Press Room
 

FROM THE OFFICE OF PUBLIC AFFAIRS

March 9, 2000
LS-451

TREASURY RELEASES ANNUAL FOREIGN EXCHANGE RATE REPORT

The Treasury Department today released the update to the eleventh annual Report to Congress on International Economic and Exchange Rate Policy, which reviews developments in the major economies and exchange markets, and assesses the foreign exchange systems of a number of our major trading partners. The report is provided under the Omnibus Trade and Competitiveness Act of 1988.

This report covers the period from July 1, 1999 to December 31, 1999, when the U.S. economy continued to perform strongly relative to its major trading partners. The U.S. economy over this period continued to experience a combination of strong output growth, low inflation and employment expansion not seen in nearly three decades.

Amid a slow recovery in emerging markets, continued Japanese economic weakness, and the beginning of faster European growth, U.S. exports grew slowly and the U.S. current account deficit increased significantly and is likely to continue to increase in the months ahead. The relative strength of the U.S. economy fueled strong capital inflows into the United States which helped sustain domestic investment despite low personal savings, but also contributed to a continued deterioration in the U.S. net international investment position.

Reflecting the relative strength of the U.S. economy compared to key U.S. trading partners, the nominal value of the dollar depreciated by 1.6% on a trade weighted basis in the second half of 1999. This depreciation followed a 2.6% rise in the first half of 1999.

United States monetary authorities did not engage in any intervention for their own account during the period covered by this report.

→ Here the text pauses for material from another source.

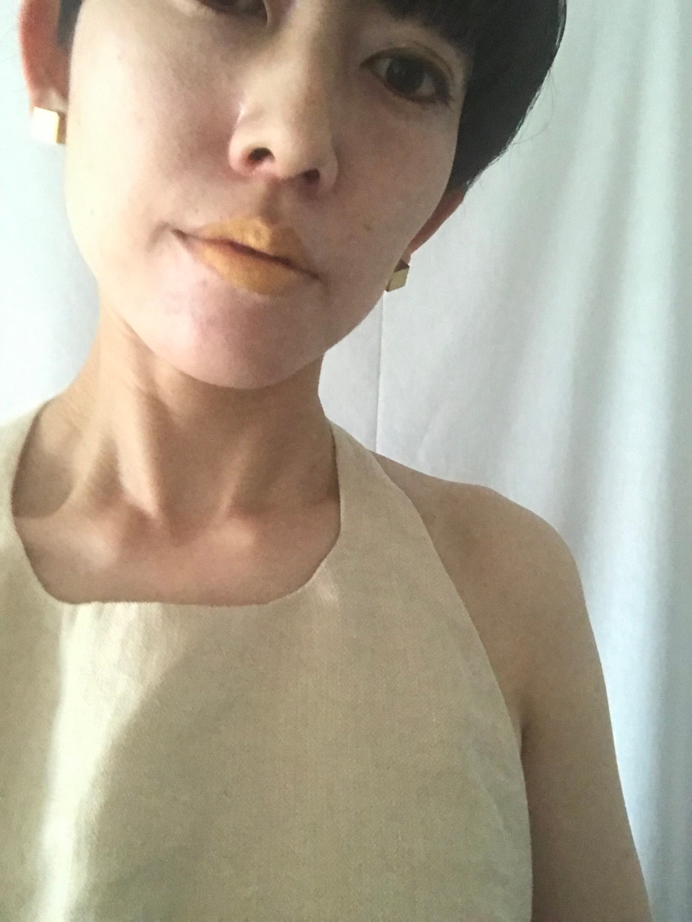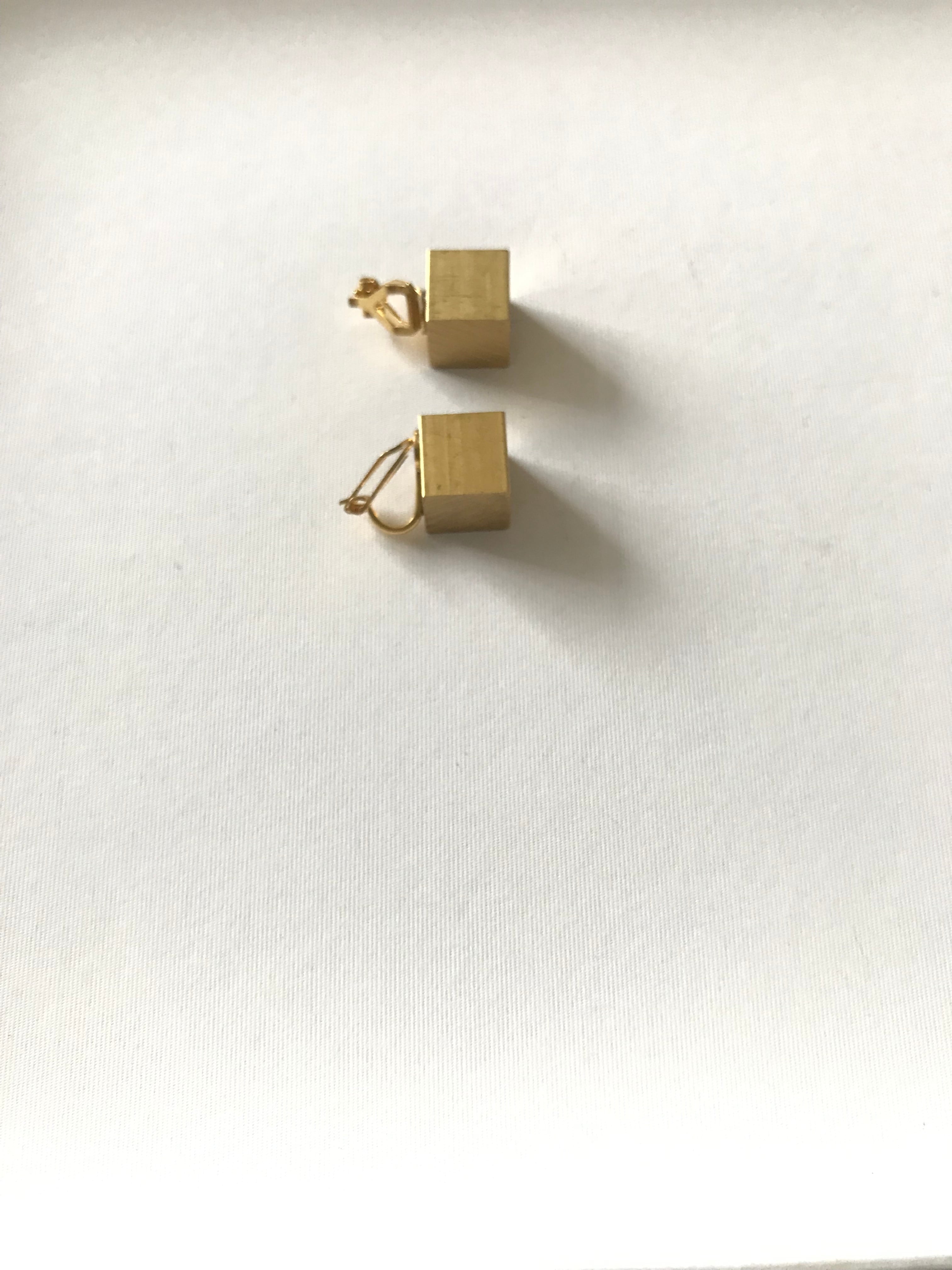 *真鍮。直径1㎝の正方形。重さがある為、耳たぶが薄い方は、お知らせ下さい。

The Report presents an updated assessment of whether countries have manipulated exchange rates between their currencies and the dollar to prevent balance of payments adjustment or gain an unfair competitive advantage in international trade (as defined in the Omnibus Trade and Competitiveness Act). It concludes that none of the major trading partners of the United States is manipulating its exchange rate under the terms of the Act.